Attack-Resistant Watermarking for AIGC Image Forensics via Diffusion-based Semantic Deflection

ICLR 2026 Conference SubmissionAnonymous Authors
AIGC copyright protection; Image watermark; Diffusion model
Abstract:

Protecting the copyright of user-generated AI images is an emerging challenge as AIGC becomes pervasive in creative workflows. Existing watermarking methods (1) remain vulnerable to real-world adversarial threats, often forced to trade off between defenses against spoofing and removal attacks; and (2) cannot support semantic-level tamper localization. We introduce PAI, a training-free inherent watermarking framework for AIGC copyright protection, plug-and-play with diffusion-based AIGC services. PAI simultaneously provides three key functionalities: robust ownership verification, attack detection, and semantic-level tampering localization. Unlike existing inherent watermark methods that only embed watermarks at noise initialization of diffusion models, we design a novel key-conditioned deflection mechanism that subtly steers the denoising trajectory according to the user key. Such trajectory-level coupling further strengthens the semantic entanglement of identity and content, thereby further enhancing robustness against real-world threats. Moreover, we also provide a theoretical analysis proving that only the valid key can pass verification. Experiments across 12 attack methods show that PAI achieves 98.43% verification accuracy, improving over SOTA methods by 37.25% on average, and retains strong tampering localization performance even against advanced AIGC edits. Our code is available at \url{https://anonymous.4open.science/r/PAI-423D}.

Disclaimer
This report is AI-GENERATED using Large Language Models and WisPaper (A scholar search engine). It analyzes academic papers' tasks and contributions against retrieved prior work. While this system identifies POTENTIAL overlaps and novel directions, ITS COVERAGE IS NOT EXHAUSTIVE AND JUDGMENTS ARE APPROXIMATE. These results are intended to assist human reviewers and SHOULD NOT be relied upon as a definitive verdict on novelty.
NOTE that some papers exist in multiple, slightly different versions (e.g., with different titles or URLs). The system may retrieve several versions of the same underlying work. The current automated pipeline does not reliably align or distinguish these cases, so human reviewers will need to disambiguate them manually.
If you have any questions, please contact: mingzhang23@m.fudan.edu.cn

Overview

Overall Novelty Assessment

The paper introduces PAI, a training-free inherent watermarking framework that embeds watermarks by steering diffusion model denoising trajectories via a key-conditioned deflection mechanism. It resides in the 'Trajectory-Level and Noise-Conditioned Embedding' leaf, which contains only three papers total including this one. This leaf represents a relatively sparse but active research direction within diffusion model watermarking, focusing specifically on methods that manipulate the iterative denoising process rather than post-processing or latent-only approaches. The small sibling set suggests this trajectory-steering paradigm is still emerging compared to broader watermarking categories.
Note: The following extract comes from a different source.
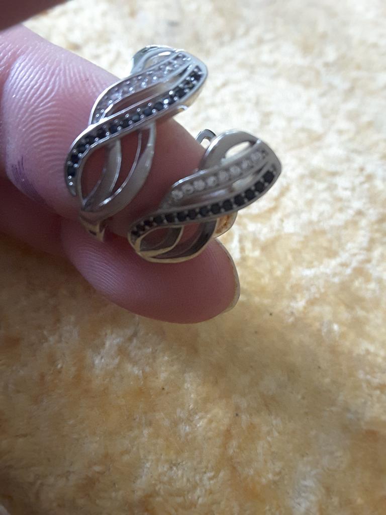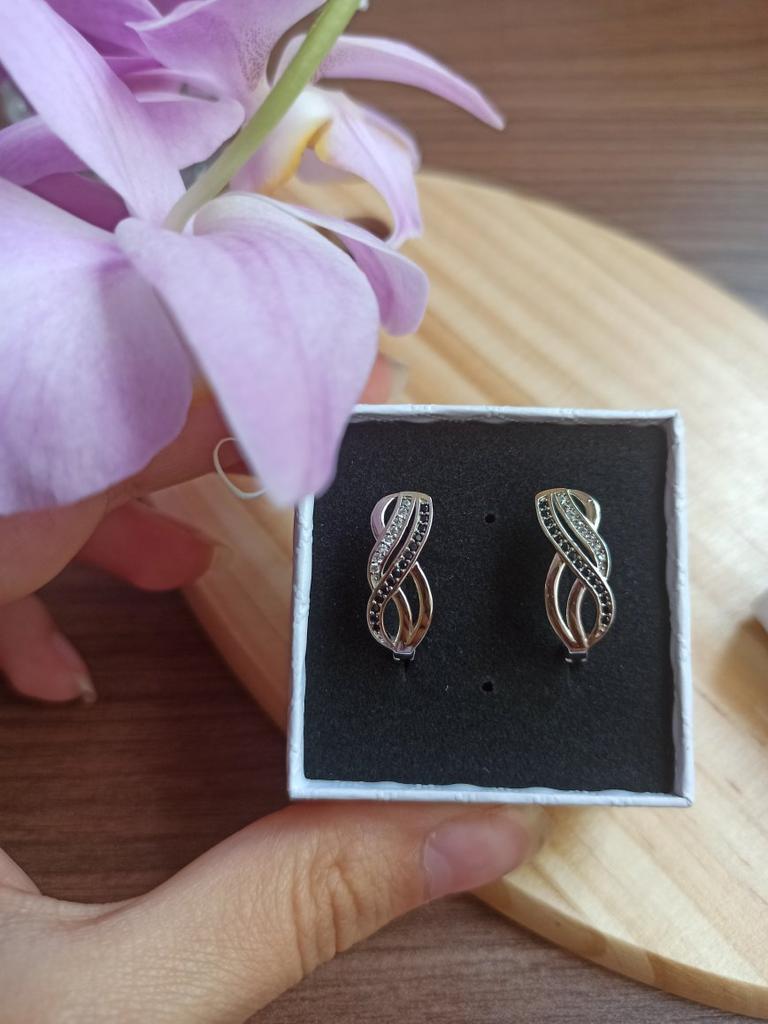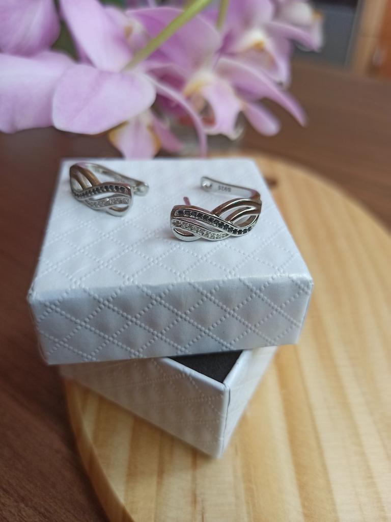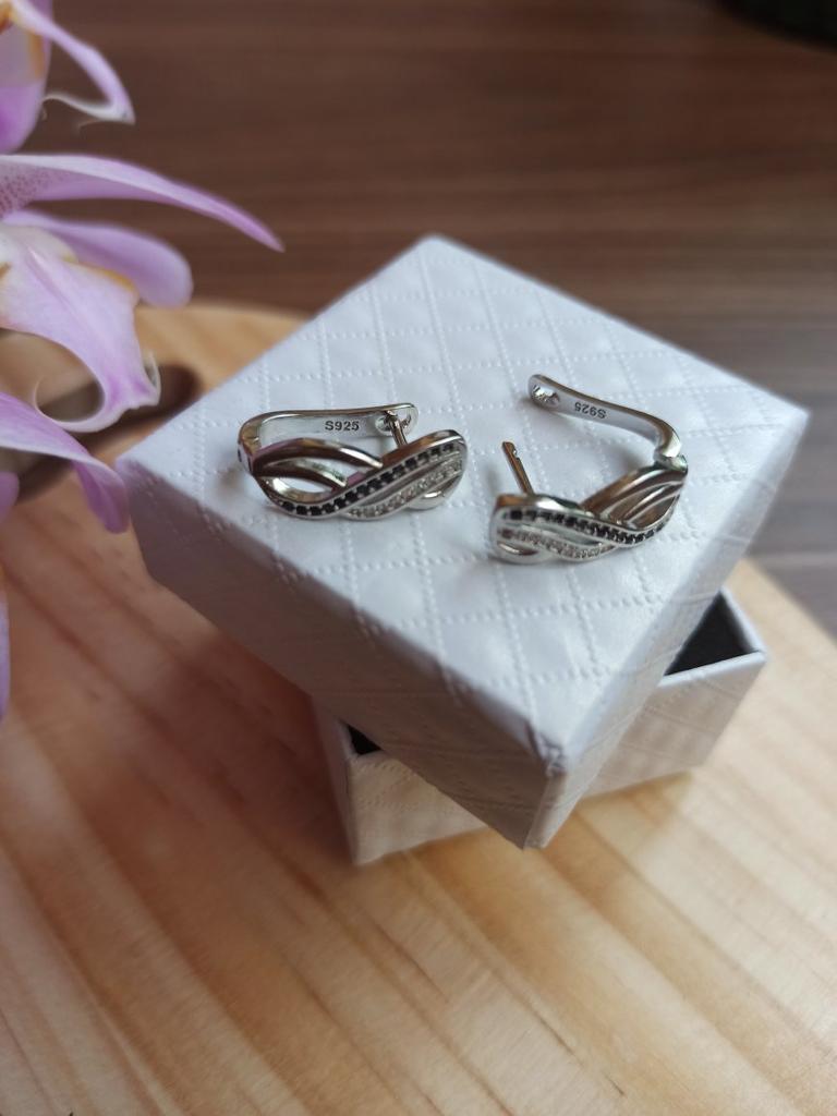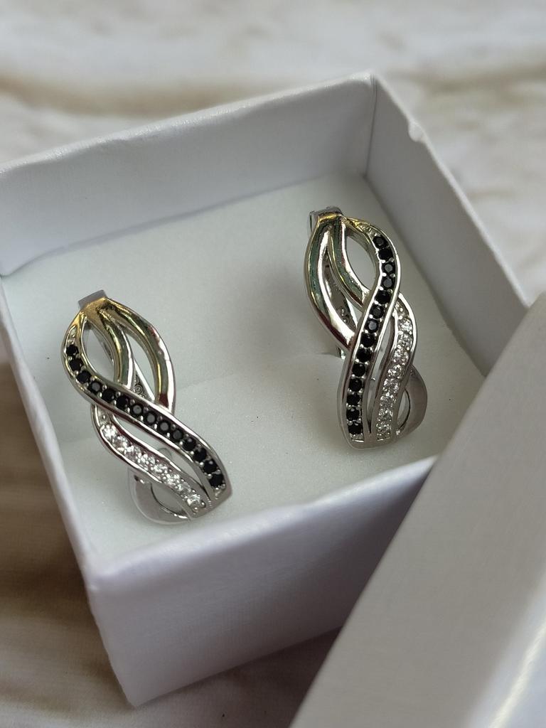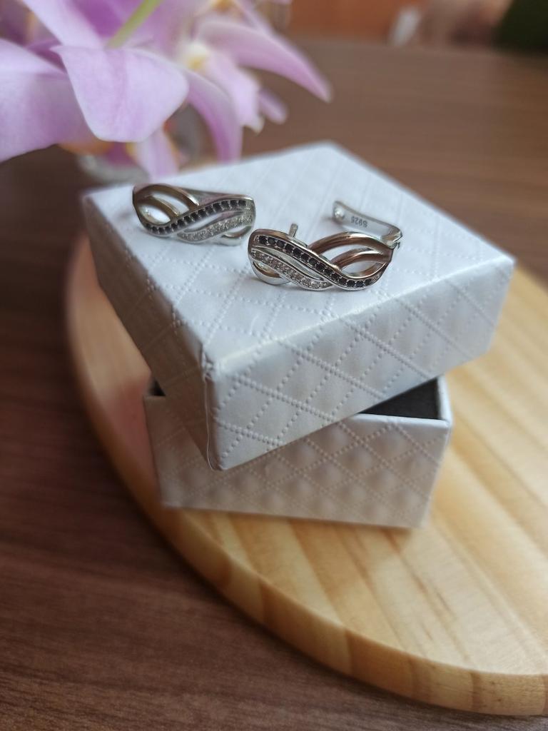 Earrings for women, tm Black Awn. ✈️Order delivery - 20 days. ✉️Packaging: envelope with air bubbles and branded cardboard box. 👩🔬Each earring has inserts of black and transparent stones, which have a very good jewelry shine. The inserts are made symmetrically. Although it is jewelry, but made very well. These earrings for everyday use, or as a gift - a very good option. And from my own experience I will say that from the outside these earrings look very "jewelry", because I have been asked so many times: "for how much did you buy these silver earrings?". What not to count! The most interesting thing is that no one believed that they had such a price! Fastener type: English lock. There is a sample. The color of the metal is similar to silver. The length of the outside earrings is about 2 cm. Length on the inside is about 1.3 cm. 🙂These earrings will perfectly complement business or casual clothes, and will go well with an evening dress. Earrings are not heavy, made very neatly and look very elegant, like real jewelry. 💳Price on the day of purchase 72 UAH. ✅The appearance of the earrings fully corresponds to the seller's photo. The purchase was a pleasure - the earrings are high quality, look great and are moderate! The seller is trustworthy! # The latest photos compare in size with other earrings. 🎁 If you want to receive earrings in a gift cardboard box, instead of a bag, order 2 items in this store at once.

The taxonomy tree reveals that PAI's leaf sits within 'Diffusion Model In-Generation Watermarking,' which branches into four distinct approaches: trajectory-level methods, latent space integration, text-prompt conditioning, and provenance tracing. Neighboring leaves address complementary challenges—latent space methods embed without trajectory manipulation, while provenance tracing focuses on tamper localization. The broader 'Watermark Embedding Mechanisms' branch also includes GAN-based and autoregressive techniques, indicating that trajectory-level diffusion watermarking occupies a specialized niche within a diverse landscape of generative model protection strategies.

Among 19 candidates examined across three contributions, none were flagged as clearly refuting PAI's claims. The dual-stage injection mechanism was assessed against one candidate with no overlap found. The theoretical guarantee on key exclusivity examined eight candidates without identifying prior work establishing similar formal proofs. The unified forensic framework—supporting verification, attack detection, and semantic tampering localization—reviewed ten candidates, none providing equivalent multi-functional integration. These statistics reflect a limited semantic search scope rather than exhaustive coverage, suggesting the contributions appear novel within the examined subset but do not rule out relevant work beyond the top-19 matches.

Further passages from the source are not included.